I thought things were supposed to calm down after Christmas! They have not. We have found a new place to live though and move in less than 4 weeks! Maybe March will be quieter?
Back to Christmas though (seems so long ago already), I spent the whole festive period dreaming about and wanting to make these brownies. I’ve been on a mint choc ride these past few months since making some peppermint bark (which I still haven’t shared with you, I’m sorry, maybe next Christmas!) for my Christmas hampers. However, I never got the chance to make them, I had the ingredients ready and everything. So, once we got home, after spending Christmas and Hogmanay in Scotland, I set about beginning my ‘healthy 2016’ with a batch of these… The year doesn’t start until we go back to work right?!
I spotted the recipe on In Jennie’s Kitchen (a ‘go to’ blog of mine) and just switched the flour to gluten free flour. Jennie does have a recipe for grain free peppermint brownies though, if you are so inclined.
- 170 g of milk chocolate chips (or a bar broken into chunks, I opted for dark chocolate)
- 85 g of mint chocolate chips/chunks
- 75 g of gluten free flour
- 35 g of good quality dark cocoa powder (such as Green & Blacks)
- 0.75 tsp of salt
- 115 g of butter, at room temperature
- 1.5 tsp of vanilla extract
- 3 large eggs
- 225 g of granulated natural cane sugar
- Preheat the oven to 180°C and line a deep/brownie baking tray.
- Place all the chocolate and butter into a microwaveable bowl and heat in 30 second bursts, stirring each time, until melted.
- Stir in the vanilla and leave the chocolate to cool a little.

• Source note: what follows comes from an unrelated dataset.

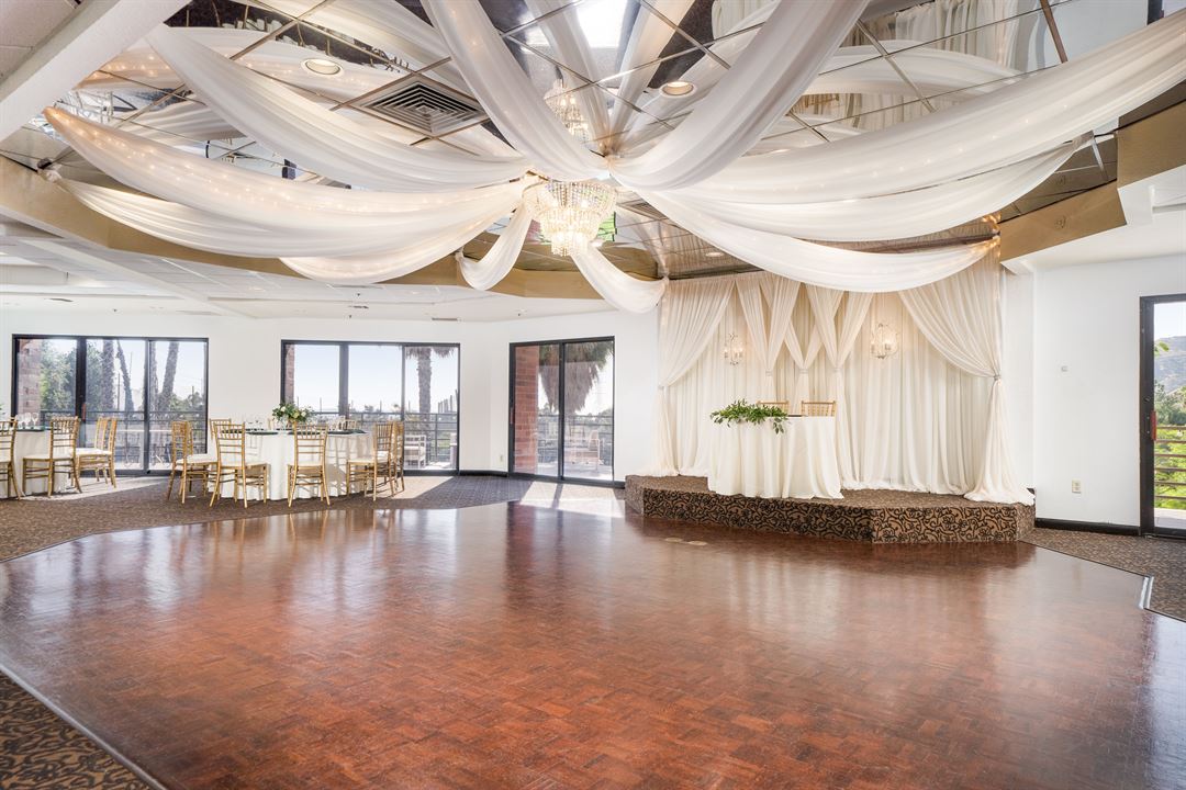As you enter through the grand wooden door, you'll be greeted by a lush, hedge-lined ceremony site crowned with a graceful white arbor and enchanting bistro lights. Sierra La Verne by Wedgewood Weddings offers two spacious ballrooms, each featuring breathtaking views and unique amenities to suit your event needs.

- In a large mixing bowl,whisk together the eggs and sugar until they become and pale and thicken up.
- Whisk in the melted chocolate mixture.
- Fold the flour, cocoa and salt into the mixture.
- Pour the mixture into the prepared tin and bake for 30 minutes or until the centre is set.
- Leave to cool and then cut and serve. These warm with some ice cream would be divine!